** Opening PROVIDED RECORDS block **

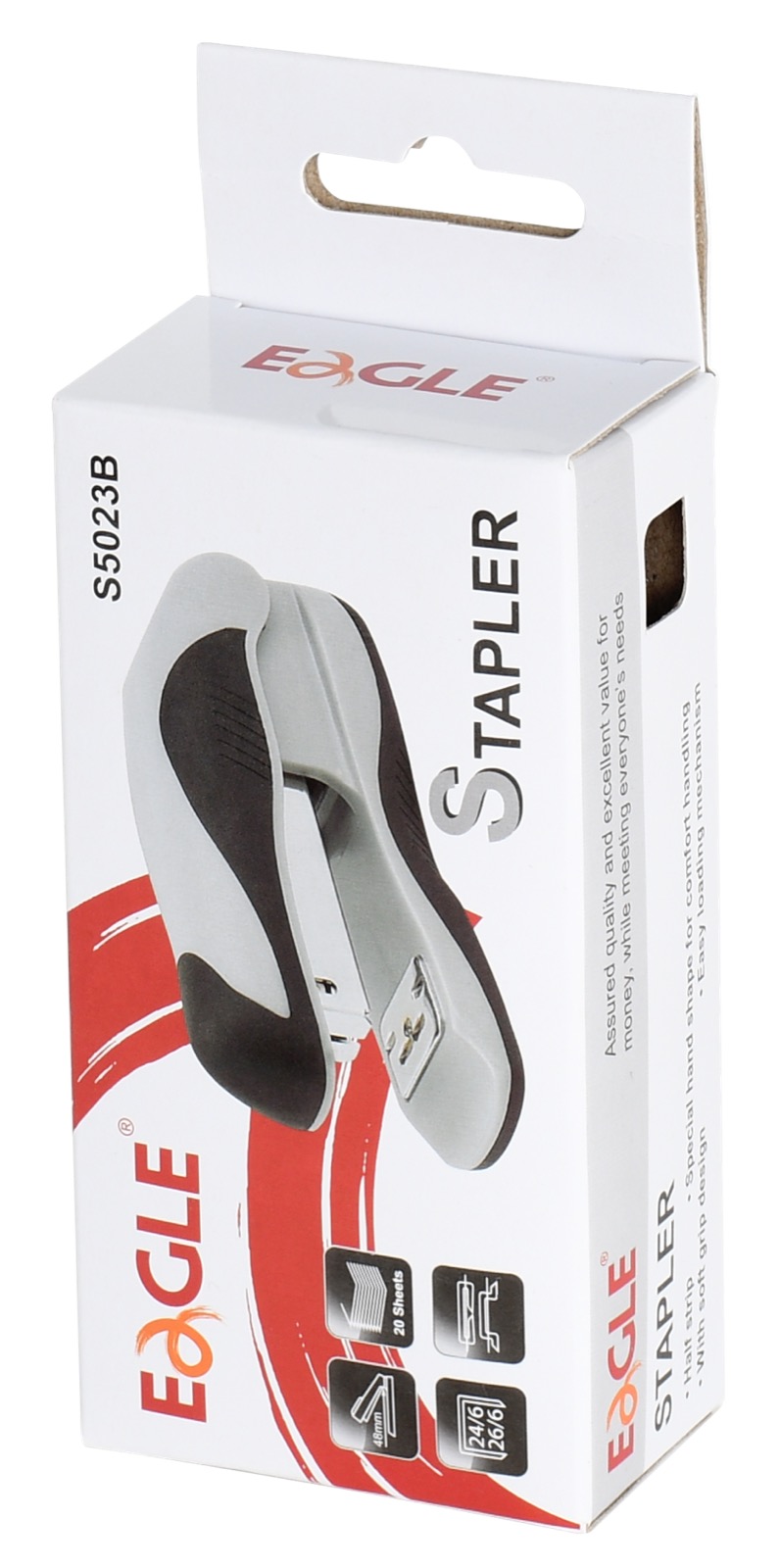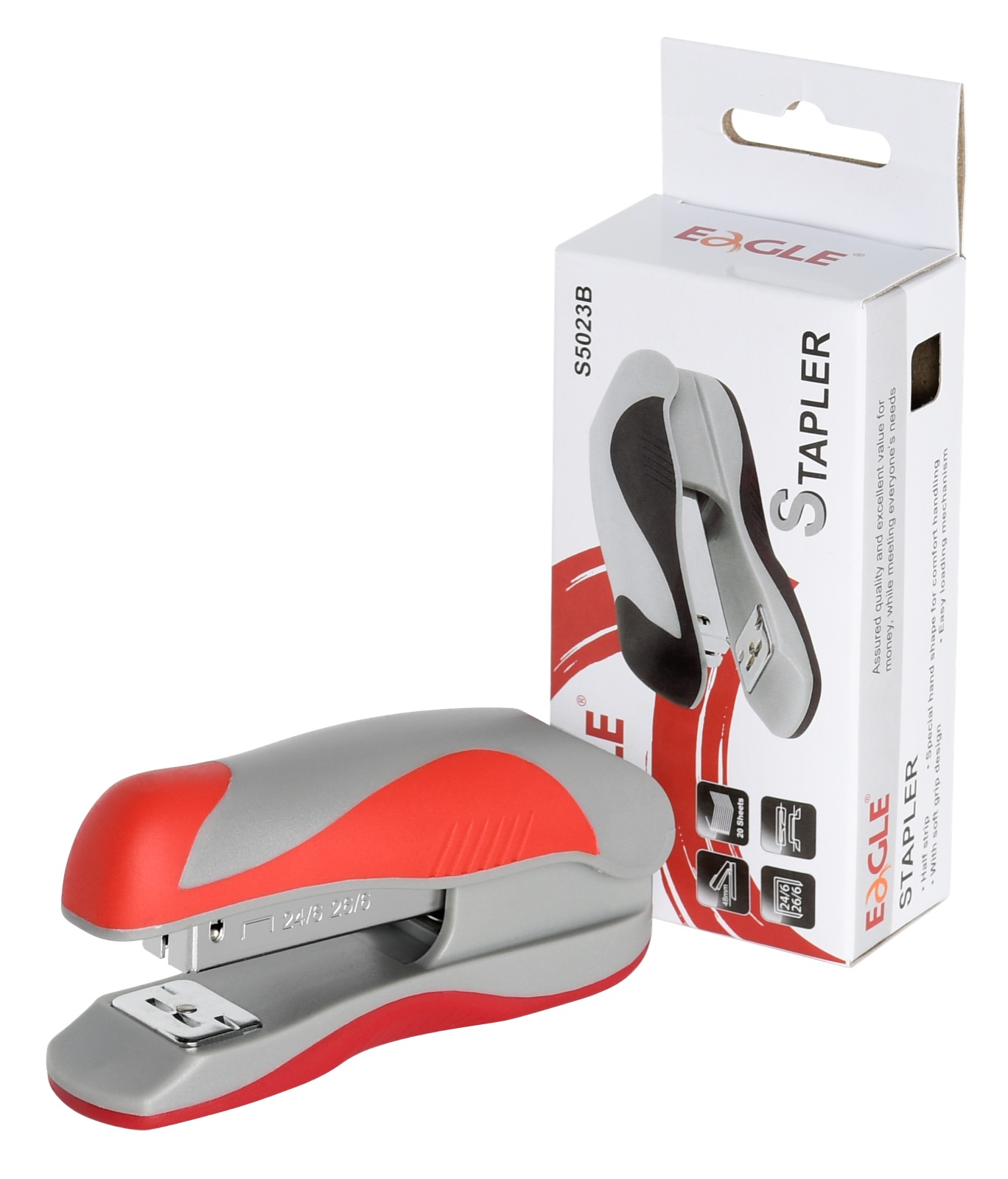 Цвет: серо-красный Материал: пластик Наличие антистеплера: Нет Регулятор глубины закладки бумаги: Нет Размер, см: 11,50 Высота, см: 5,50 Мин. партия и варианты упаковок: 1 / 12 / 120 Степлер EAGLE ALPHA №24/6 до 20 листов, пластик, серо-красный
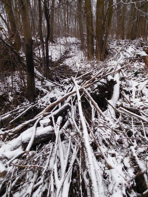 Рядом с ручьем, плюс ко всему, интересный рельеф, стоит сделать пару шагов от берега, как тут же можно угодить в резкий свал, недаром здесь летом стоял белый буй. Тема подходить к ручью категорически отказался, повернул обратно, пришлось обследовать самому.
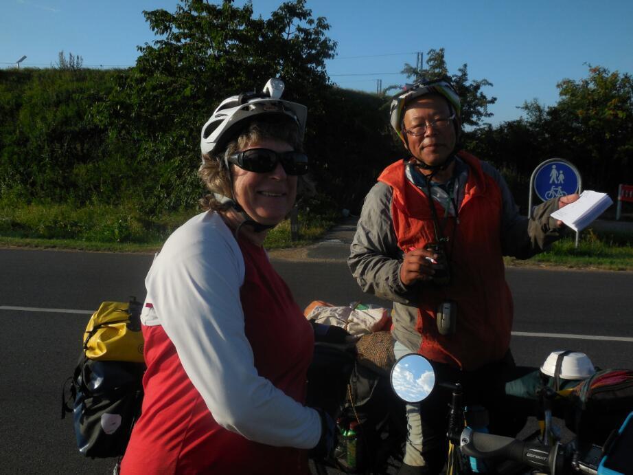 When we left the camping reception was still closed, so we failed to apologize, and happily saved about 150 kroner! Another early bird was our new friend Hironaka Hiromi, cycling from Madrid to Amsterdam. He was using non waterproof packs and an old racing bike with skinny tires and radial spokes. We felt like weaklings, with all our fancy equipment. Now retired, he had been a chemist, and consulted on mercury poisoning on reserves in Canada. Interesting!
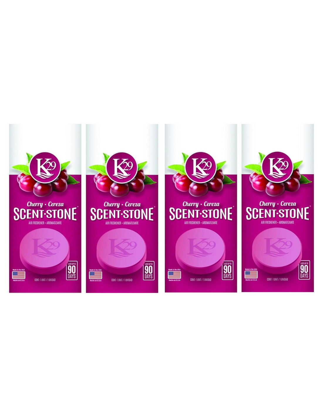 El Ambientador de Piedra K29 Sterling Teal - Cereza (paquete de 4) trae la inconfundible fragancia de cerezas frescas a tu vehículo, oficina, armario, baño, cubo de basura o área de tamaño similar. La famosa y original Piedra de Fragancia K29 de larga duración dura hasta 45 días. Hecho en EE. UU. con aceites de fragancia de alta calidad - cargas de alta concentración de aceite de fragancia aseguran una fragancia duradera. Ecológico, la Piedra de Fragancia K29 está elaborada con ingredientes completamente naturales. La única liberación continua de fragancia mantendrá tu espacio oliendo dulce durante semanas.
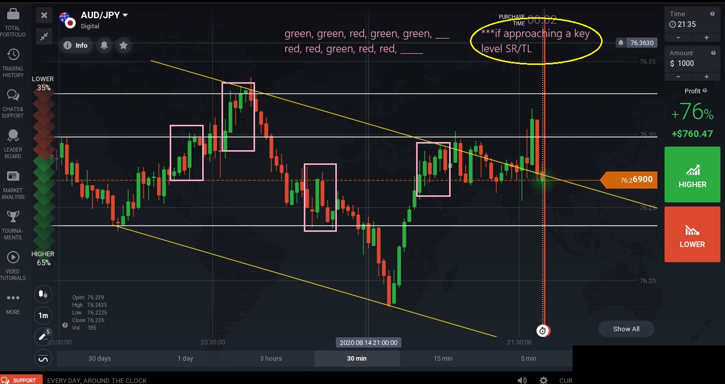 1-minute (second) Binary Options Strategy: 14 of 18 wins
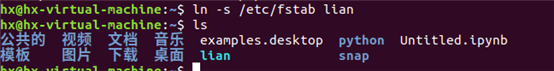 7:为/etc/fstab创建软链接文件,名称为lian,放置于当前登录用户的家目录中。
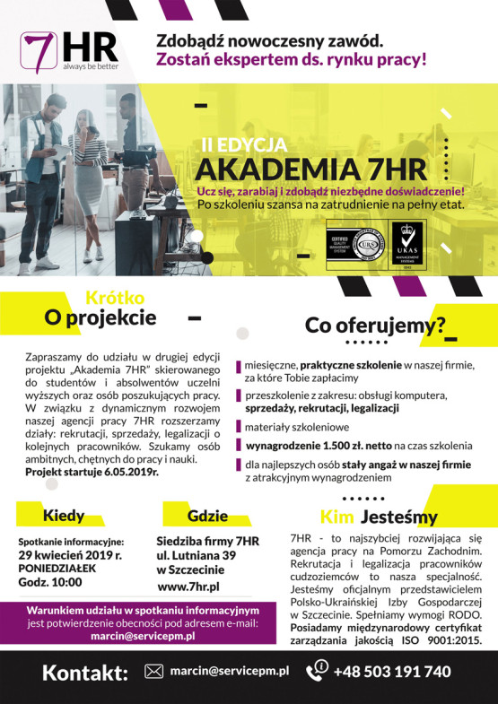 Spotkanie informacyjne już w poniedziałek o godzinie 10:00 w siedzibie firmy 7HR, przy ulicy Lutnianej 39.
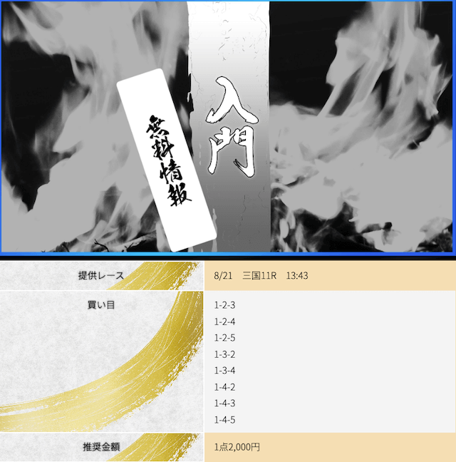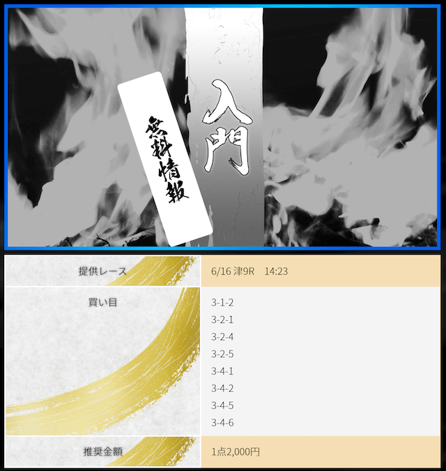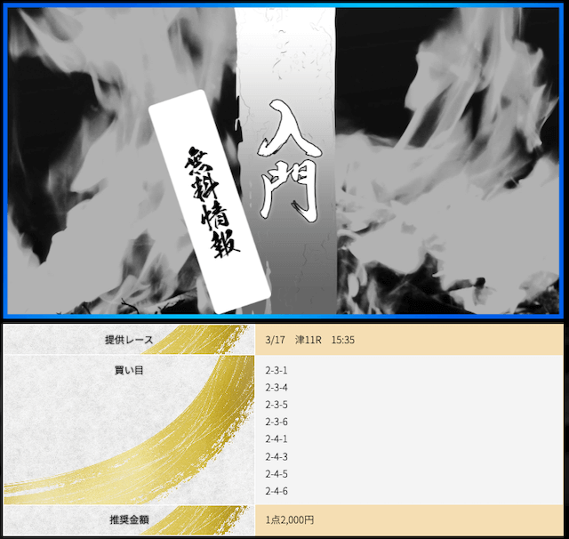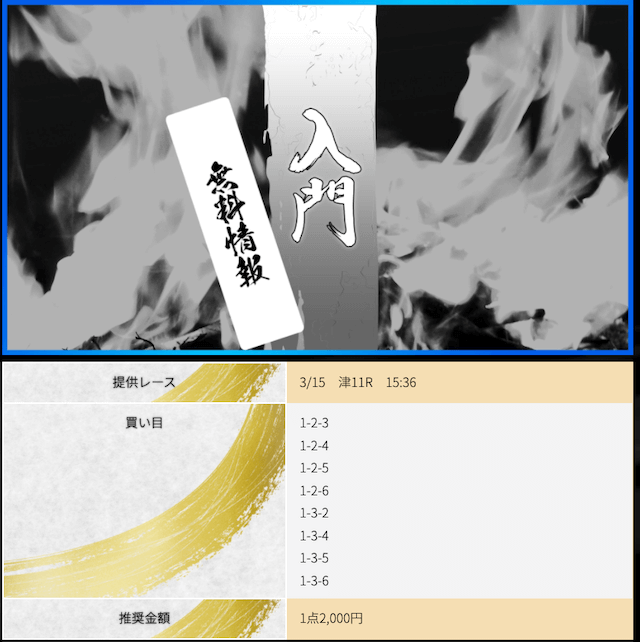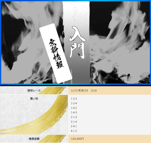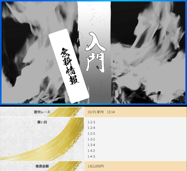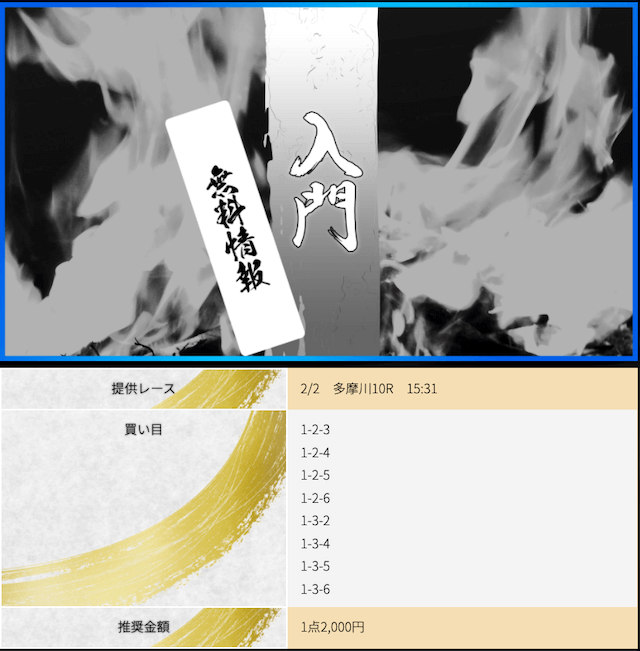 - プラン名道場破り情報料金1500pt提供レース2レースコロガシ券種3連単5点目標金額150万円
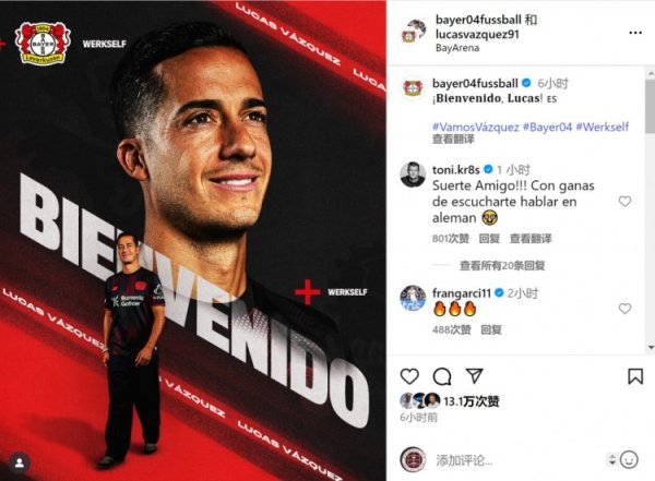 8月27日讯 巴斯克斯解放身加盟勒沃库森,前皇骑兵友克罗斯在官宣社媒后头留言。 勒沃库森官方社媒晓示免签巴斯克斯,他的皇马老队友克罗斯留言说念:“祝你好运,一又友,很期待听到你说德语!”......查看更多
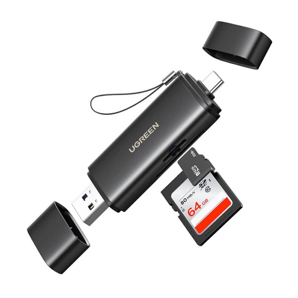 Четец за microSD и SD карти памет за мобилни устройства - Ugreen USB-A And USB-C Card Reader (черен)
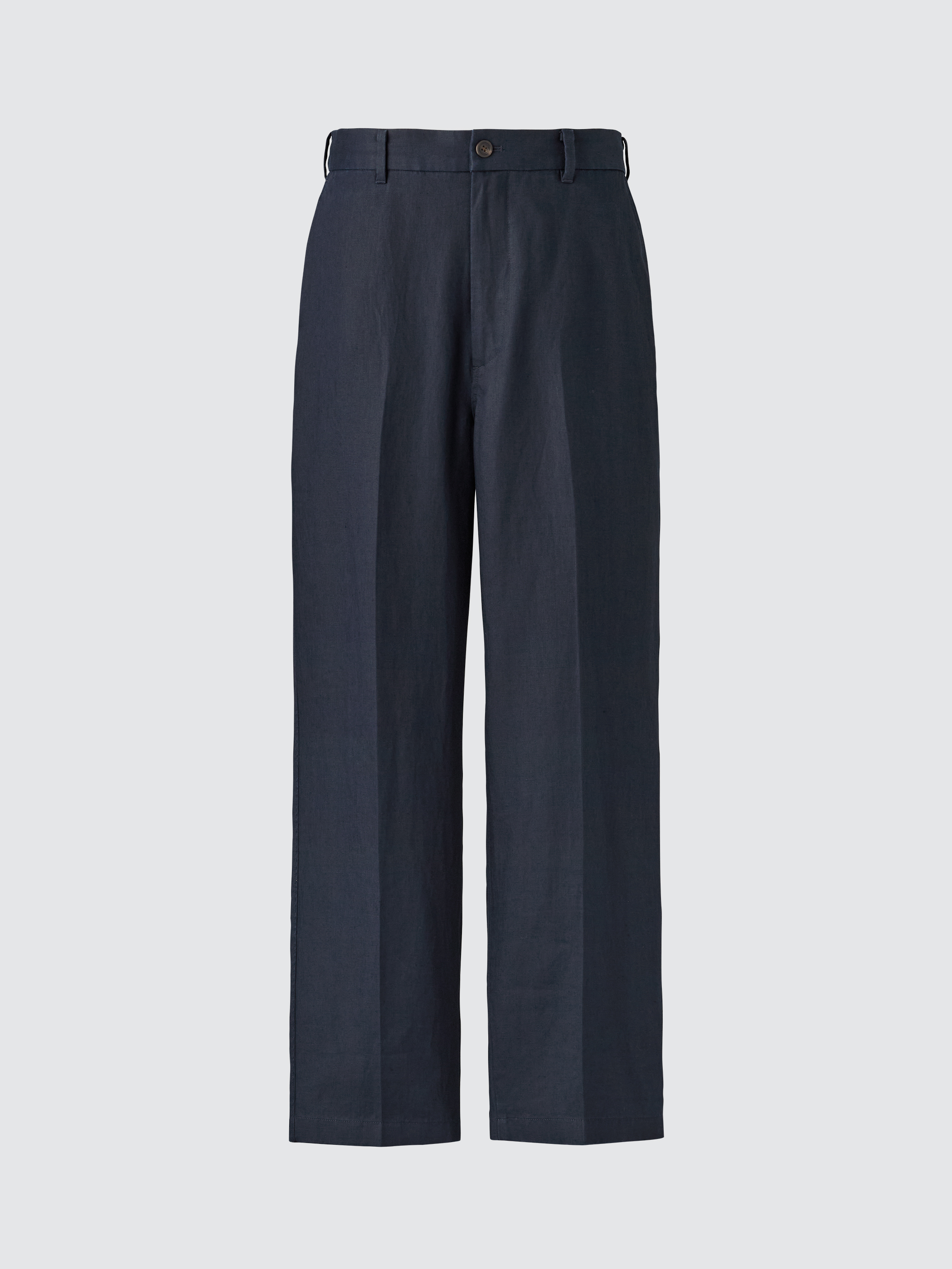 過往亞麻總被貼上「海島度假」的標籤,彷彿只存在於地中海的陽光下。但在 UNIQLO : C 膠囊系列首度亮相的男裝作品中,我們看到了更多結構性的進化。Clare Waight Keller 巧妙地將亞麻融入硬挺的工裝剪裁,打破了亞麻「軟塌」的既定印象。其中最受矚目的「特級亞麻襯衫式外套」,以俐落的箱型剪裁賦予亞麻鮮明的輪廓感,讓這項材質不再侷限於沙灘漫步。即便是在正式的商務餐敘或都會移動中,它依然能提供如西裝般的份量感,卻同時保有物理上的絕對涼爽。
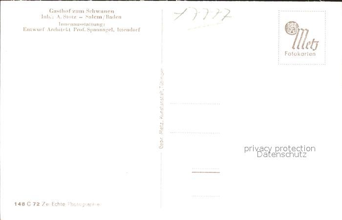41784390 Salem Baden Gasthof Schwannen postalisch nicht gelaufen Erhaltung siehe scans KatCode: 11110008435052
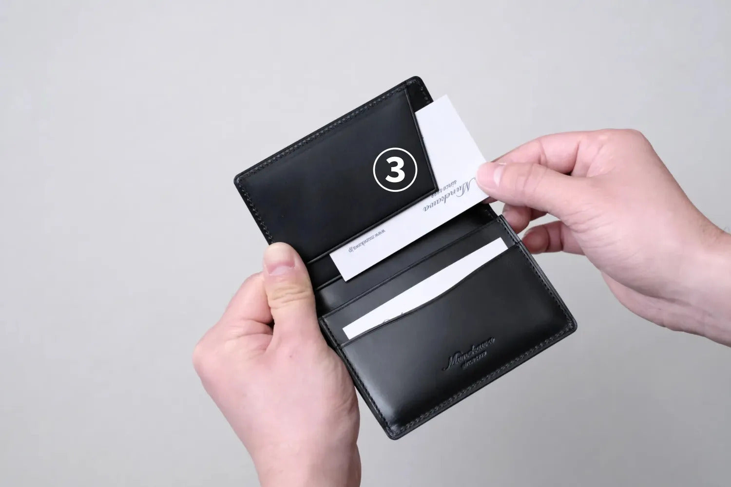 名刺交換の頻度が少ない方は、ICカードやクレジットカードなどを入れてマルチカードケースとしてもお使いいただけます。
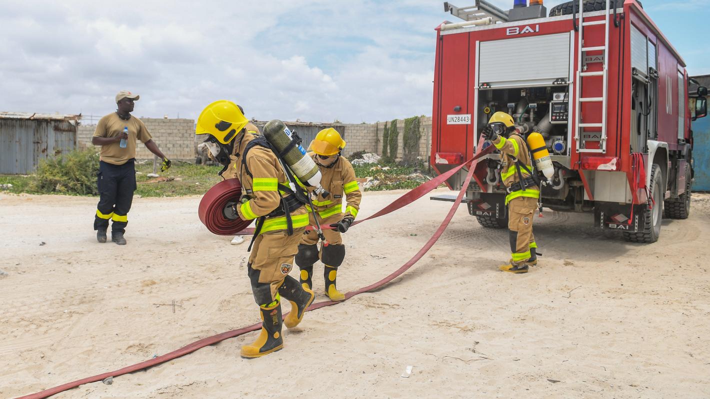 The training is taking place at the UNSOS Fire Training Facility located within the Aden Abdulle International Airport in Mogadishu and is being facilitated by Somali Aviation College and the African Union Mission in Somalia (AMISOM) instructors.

** Closing PROVIDED RECORDS block **

EXERCISE INSTRUCTIONS:
The expected output is the exact run of lines from the one containing "- プラン名道場破り情報料金" through the final line of the data above, both ends included, with no pictures.

SOLVED EXERCISE:
 - プラン名道場破り情報料金1500pt提供レース2レースコロガシ券種3連単5点目標金額150万円
 8月27日讯 巴斯克斯解放身加盟勒沃库森,前皇骑兵友克罗斯在官宣社媒后头留言。 勒沃库森官方社媒晓示免签巴斯克斯,他的皇马老队友克罗斯留言说念:“祝你好运,一又友,很期待听到你说德语!”......查看更多
 Четец за microSD и SD карти памет за мобилни устройства - Ugreen USB-A And USB-C Card Reader (черен)
 過往亞麻總被貼上「海島度假」的標籤,彷彿只存在於地中海的陽光下。但在 UNIQLO : C 膠囊系列首度亮相的男裝作品中,我們看到了更多結構性的進化。Clare Waight Keller 巧妙地將亞麻融入硬挺的工裝剪裁,打破了亞麻「軟塌」的既定印象。其中最受矚目的「特級亞麻襯衫式外套」,以俐落的箱型剪裁賦予亞麻鮮明的輪廓感,讓這項材質不再侷限於沙灘漫步。即便是在正式的商務餐敘或都會移動中,它依然能提供如西裝般的份量感,卻同時保有物理上的絕對涼爽。
41784390 Salem Baden Gasthof Schwannen postalisch nicht gelaufen Erhaltung siehe scans KatCode: 11110008435052
 名刺交換の頻度が少ない方は、ICカードやクレジットカードなどを入れてマルチカードケースとしてもお使いいただけます。
 The training is taking place at the UNSOS Fire Training Facility located within the Aden Abdulle International Airport in Mogadishu and is being facilitated by Somali Aviation College and the African Union Mission in Somalia (AMISOM) instructors.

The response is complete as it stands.